Under this line are records; the part from the line containing "近日,团省委下发了《关于20" through the line containing "This frame is" should be repeated exactly. Please exclude pictures.

[Dataset records]
====================

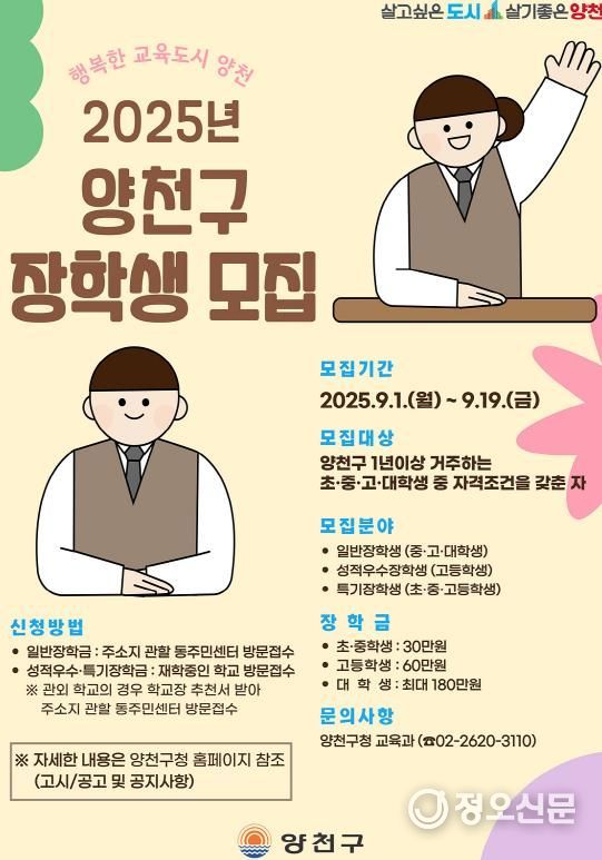 정오신문 관리자 기자 | 양천구는 지역 학생들의 균등한 교육 기회 보장과 학업능력 향상을 위해 ‘2025년 양천구 장학생’ 170명을 선발, 총 1억 5천만 원 규모의 장학금을 지급한다고 18일 밝혔다.
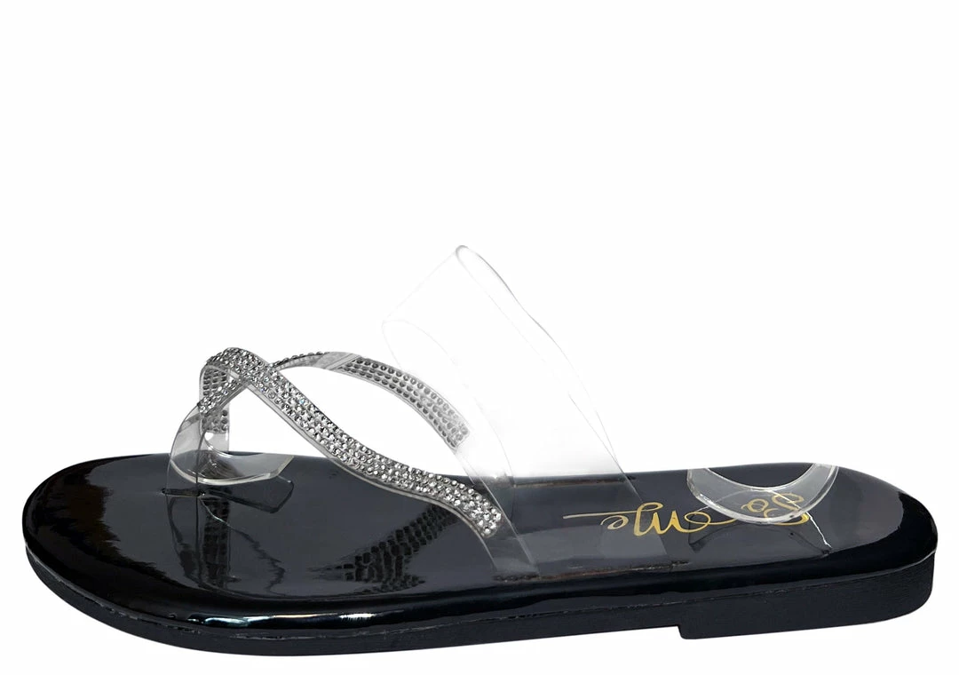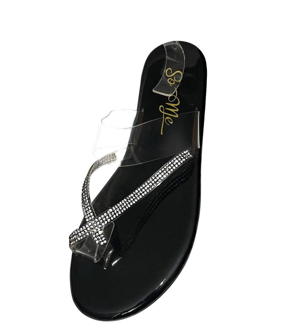 - An embellished cross strap upper and a clear lucite band.
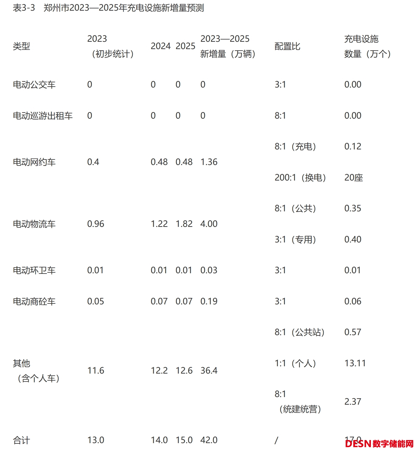 根據(jù)工業(yè)和信息化部等部門《關(guān)于組織開展公共領(lǐng)域車輛全面電動化先行區(qū)試點工作的通知》(工信部聯(lián)通裝函〔2023〕23號),試點領(lǐng)域新增及更新車輛中新能源汽車比例顯著提高,其中城市公交、出租、環(huán)衛(wèi)、郵政快遞、城市物流配送領(lǐng)域力爭達到80%。本規(guī)劃原則上采用以上標(biāo)準(zhǔn),結(jié)合鄭州市實際調(diào)研情況進行合理調(diào)整,2023—2025年各類型新能源汽車增量如下表所示。
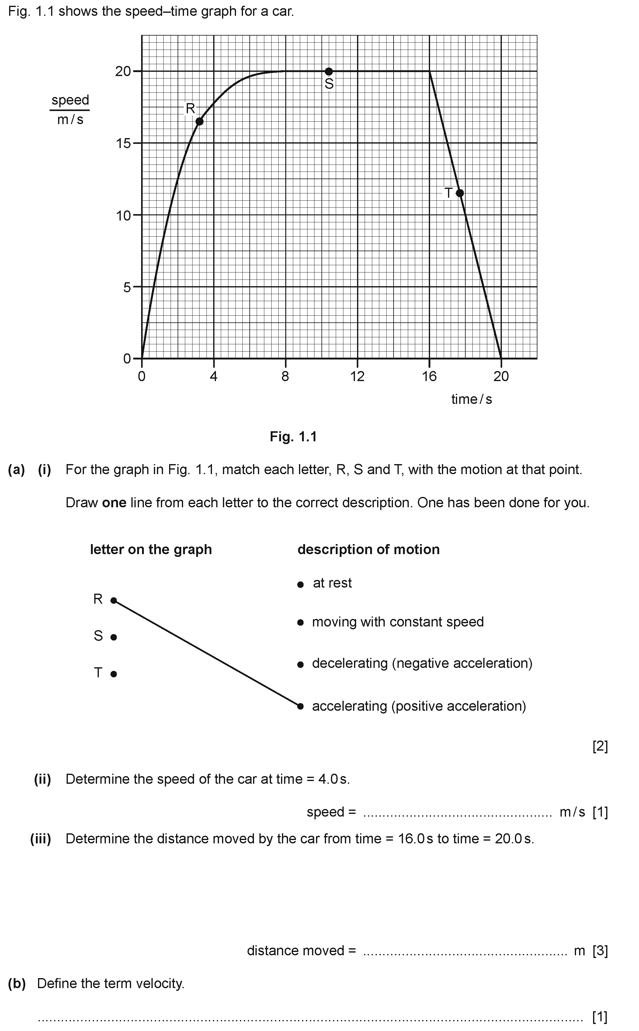 1. Fig. 1.1 shows a distance–time graph for a cyclist. (a) (i) Determine the distance travelled by the cyclist between time = 0 and time = 100 s. d...
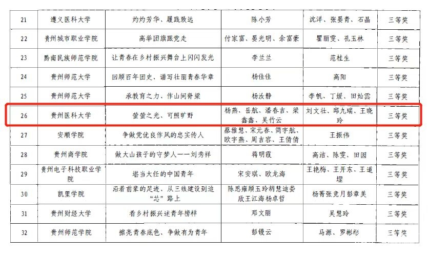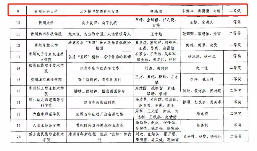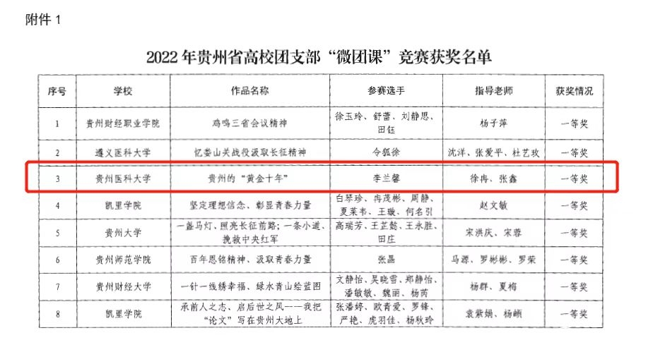 近日,团省委下发了《关于2022年贵州省高校团支部“微团课”竞赛获奖结果的通报》,77779193永利官网荣获优秀组织奖。永利官网“贵州的‘黄金十年’”作品获一等奖、“从万桥飞架看贵州发展”作品获二等奖、“莹莹之光、可照旷野”作品获三等奖、“团徽闪耀百年青春奋勇争先”作品获优秀奖。
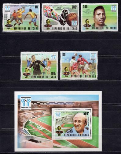 Почтовые марки. Чад, 1978 г. №841-845. Бл. 74. Футбол. Надпечатка. (Mi 15.0 e)
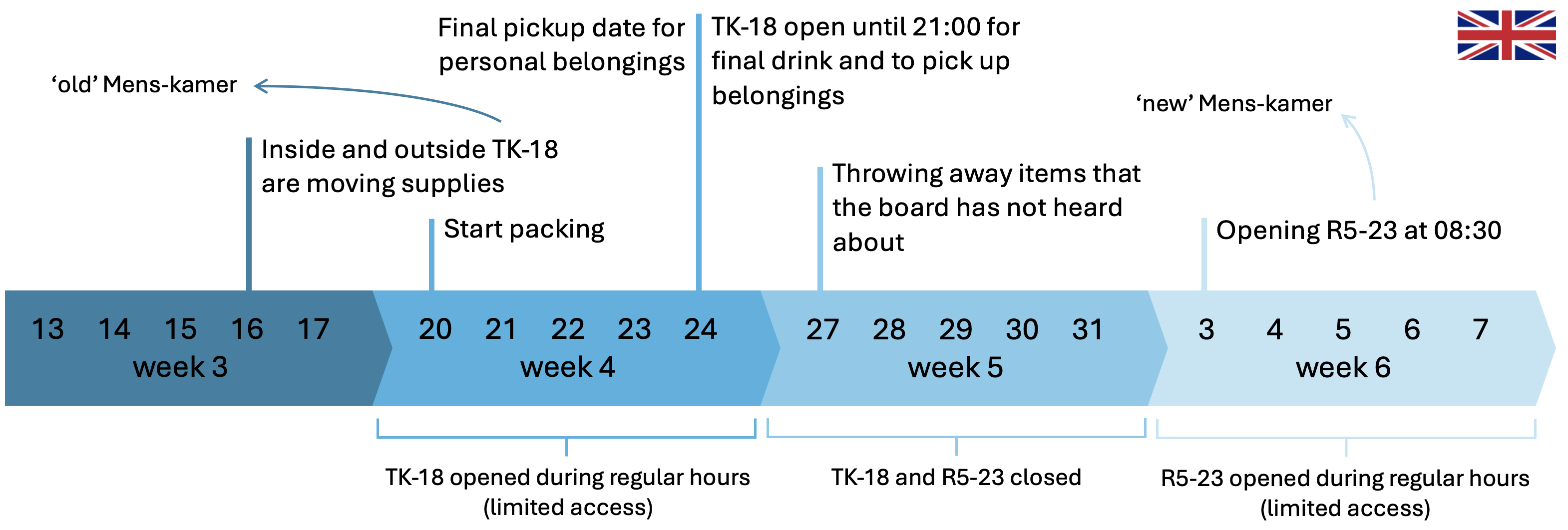 In week 4 (20 - 24 januari) blijft de Mens-kamer geopend. De Mens-kamer zal wel minder toegankelijk zijn.
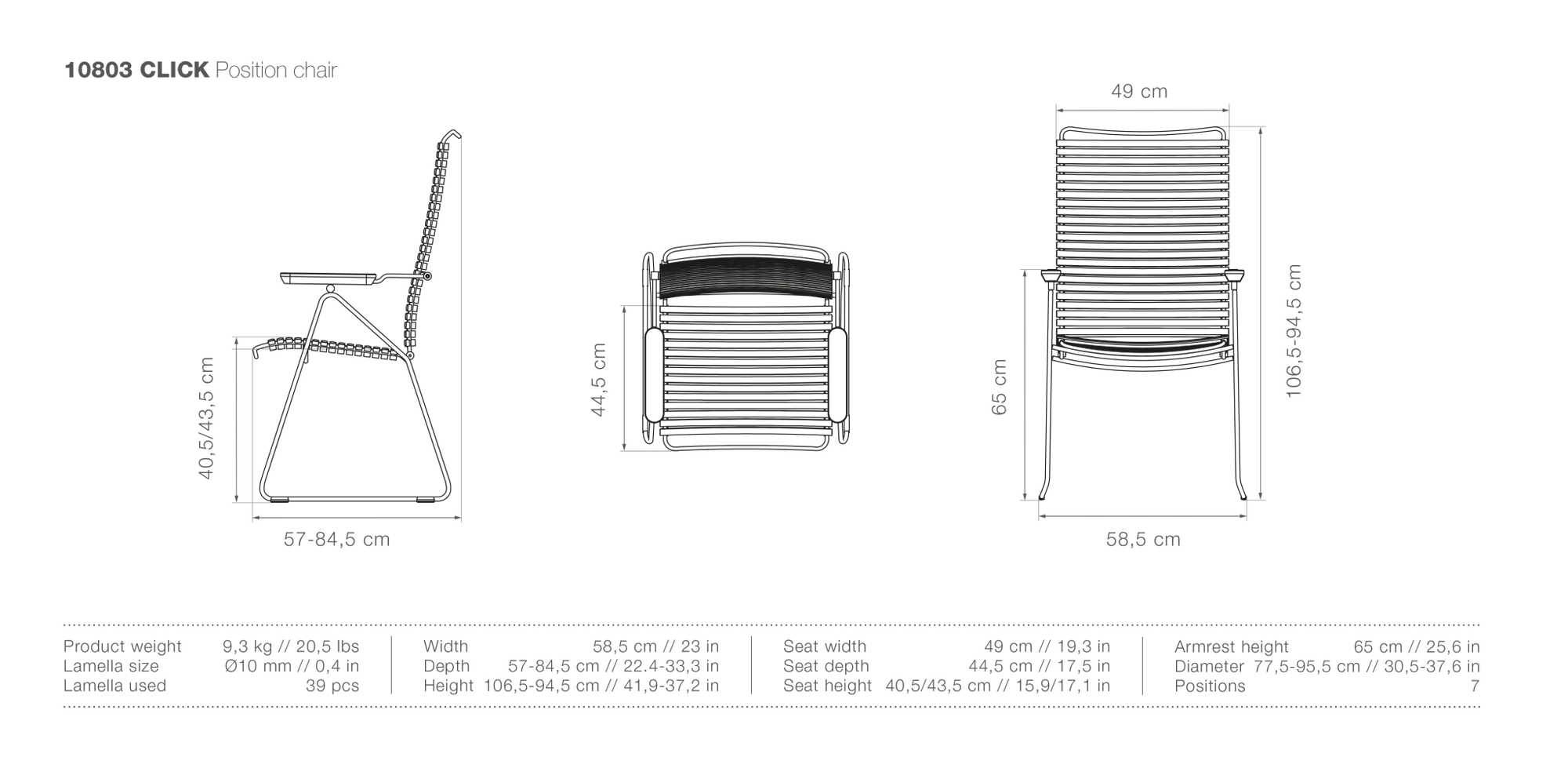 The CLICK Outdoor Position Chair by Houe offers a perfect balance of comfort, style, and flexibility. Designed for outdoor living, it features a backrest with seven adjustable positions. Whether you're dining with friends or leaning back to relax, it easily adapts. Moreover, the powder-coated steel frame ensures strength, while the plastic slats click in and out for easy cleaning. The CLICK Outdoor Position Chair makes customization simple and maintenance quick.
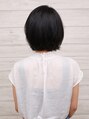 あごラインでカットしたショートボブスタイル。表面のみレイヤーを入れる事でナチュラルな外ハネやふわっとした軽い動きをプラス。働く大人女性に似合う暗めのブルージュカラーでワンランク上のオシャレを☆
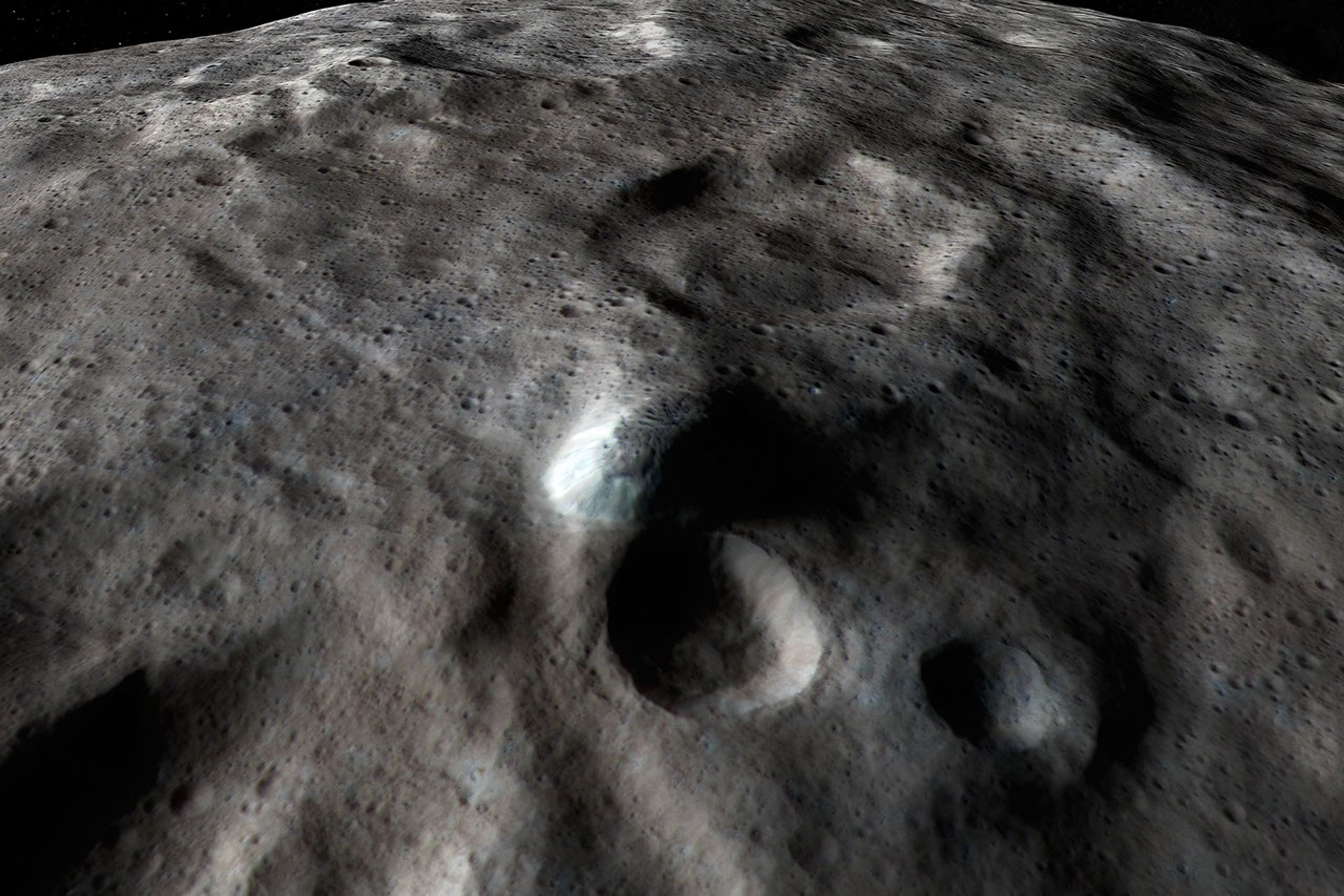 This frame is from a simulated flight of NASA's Dawn over Ceres which emphasizes the most prominent craters, as well as the mountain Ahuna Mons.
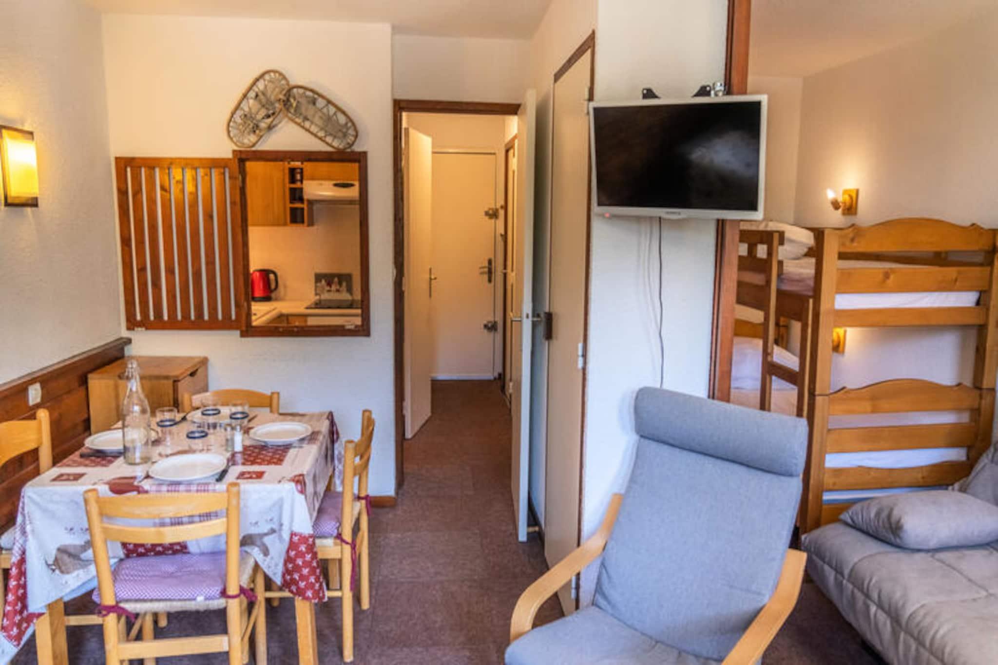 High above the picturesque Embrun valley, this elegant studio apartment in Les Orres 1650 offers a serene mountain escape with breathtaking panoramic views. Imagine waking up to the golden rays of the Hautes-Alpes sun streaming through your southeast-facing balcony, where you can sip your morning coffee while gazing at the majestic peaks. Whether you're seeking thrilling snow sports or tranquil alpine moments, this residence places you at the heart of it all. \n\nThe 30 m² studio is thoughtfully designed to accommodate up to six guests, making it perfect for families or small groups. The cozy sleeping alcove features a bunk bed ideal for children, while two comfortable double sofa beds provide additional sleeping options. The fully equipped kitchen, complete with a dishwasher and microwave, ensures you can prepare hearty meals after a day of adventure. The renovated bathroom with a bathtub offers the perfect spot to unwind and relax. \n\nLocated on the 9th floor, the apartment provides easy access to the snow front and chairlifts via a 19-meter-high walkway, making your ski days effortless. After an active day, retreat to the residence's inviting common areas, where you can enjoy a cozy fireplace, a game of billiards, or the sunny solarium. With shops, restaurants, and activities like mountain biking, zip-lining, and treetop courses just steps away, there's something for everyone to enjoy. \n\nComplete with a private underground parking space and a ski locker, this property ensures a stress-free holiday experience. Whether you're here to carve the slopes or soak in the alpine charm, this residence promises unforgettable memories in the heart of Les Orres 1650.

====================

◆ Task answer:
 近日,团省委下发了《关于2022年贵州省高校团支部“微团课”竞赛获奖结果的通报》,77779193永利官网荣获优秀组织奖。永利官网“贵州的‘黄金十年’”作品获一等奖、“从万桥飞架看贵州发展”作品获二等奖、“莹莹之光、可照旷野”作品获三等奖、“团徽闪耀百年青春奋勇争先”作品获优秀奖。
 Почтовые марки. Чад, 1978 г. №841-845. Бл. 74. Футбол. Надпечатка. (Mi 15.0 e)
 In week 4 (20 - 24 januari) blijft de Mens-kamer geopend. De Mens-kamer zal wel minder toegankelijk zijn.
 The CLICK Outdoor Position Chair by Houe offers a perfect balance of comfort, style, and flexibility. Designed for outdoor living, it features a backrest with seven adjustable positions. Whether you're dining with friends or leaning back to relax, it easily adapts. Moreover, the powder-coated steel frame ensures strength, while the plastic slats click in and out for easy cleaning. The CLICK Outdoor Position Chair makes customization simple and maintenance quick.
 あごラインでカットしたショートボブスタイル。表面のみレイヤーを入れる事でナチュラルな外ハネやふわっとした軽い動きをプラス。働く大人女性に似合う暗めのブルージュカラーでワンランク上のオシャレを☆
 This frame is from a simulated flight of NASA's Dawn over Ceres which emphasizes the most prominent craters, as well as the mountain Ahuna Mons.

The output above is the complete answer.